Ровно в шесть тридцать вышли в точку рандеву и повели транспорты по назначению. Пароходов было всего два: тяжело груженые, они двигались медленно, а корабли охранении шли противоположным зигзагом: это были опасные места, и Чижов приказывал усилить наблюдение.
С корабля, на котором шел комдив, просемафорили тоже, чтобы усилили наблюдение, и тотчас же самолет, круживший над караваном, выпустил красную ракету.

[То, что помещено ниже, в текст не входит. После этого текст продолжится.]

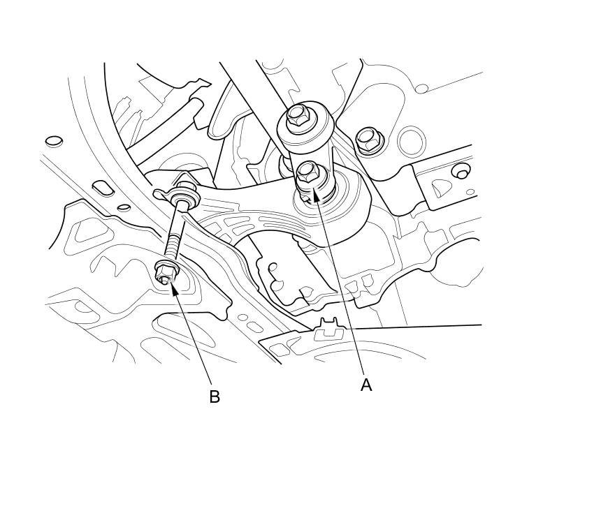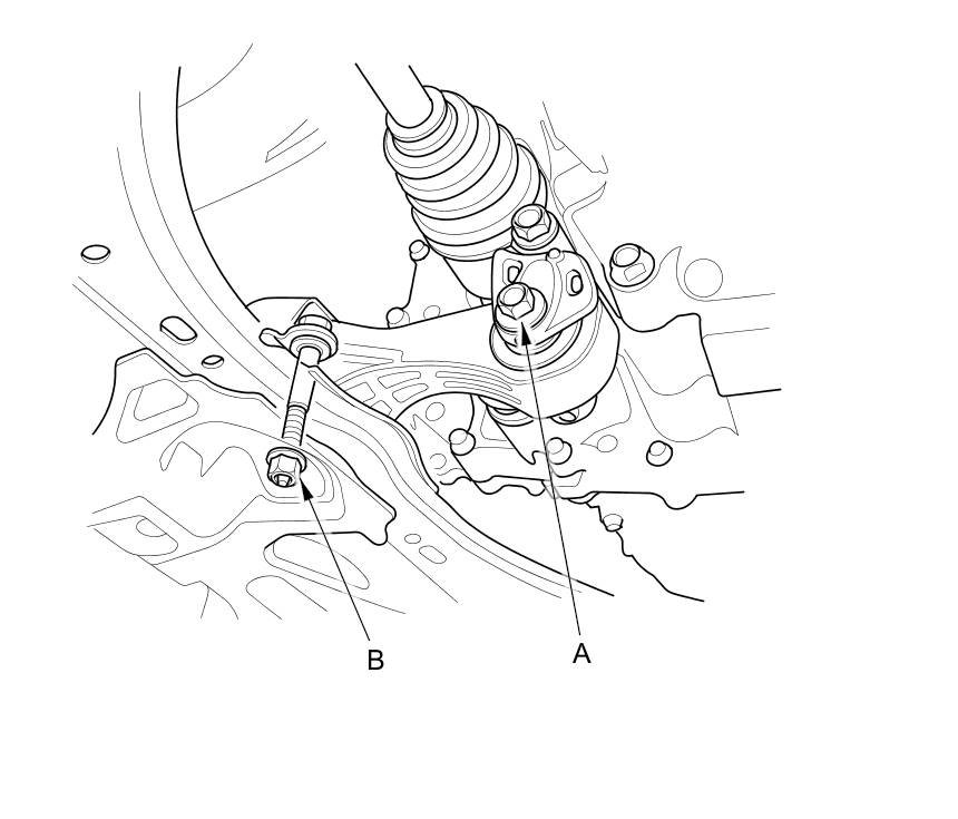 13. Loosen the torque rod mounting bolt (A) and nut (B).

— Перископ, что ли? — спросил вахтенный командир.
Самолет пошел на посадку. Он тянул низко над тихой водой, и, когда сигнальщик крикнул, что видит перископ, все были к этому совершенно готовы.
Ладынин повернул ручку машинного телеграфа на полный, крепко сжал зубами пустой мундштук и взглянул на тахометр. Корабль выходил в атаку.
Утро было ясное, чистое, свежее. Сердито закричал какие-то слова артиллерист, в свисте ветра, возникшего на этом бешеном ходу, ничего не было слышно. За кормой поднялись розоватые на солнце пенистые столбы воды: там рвались серии глубинных бомб.
У Чижова глаза блестели от азарта, он скинул фуражку, лысина его сверкала на солнце.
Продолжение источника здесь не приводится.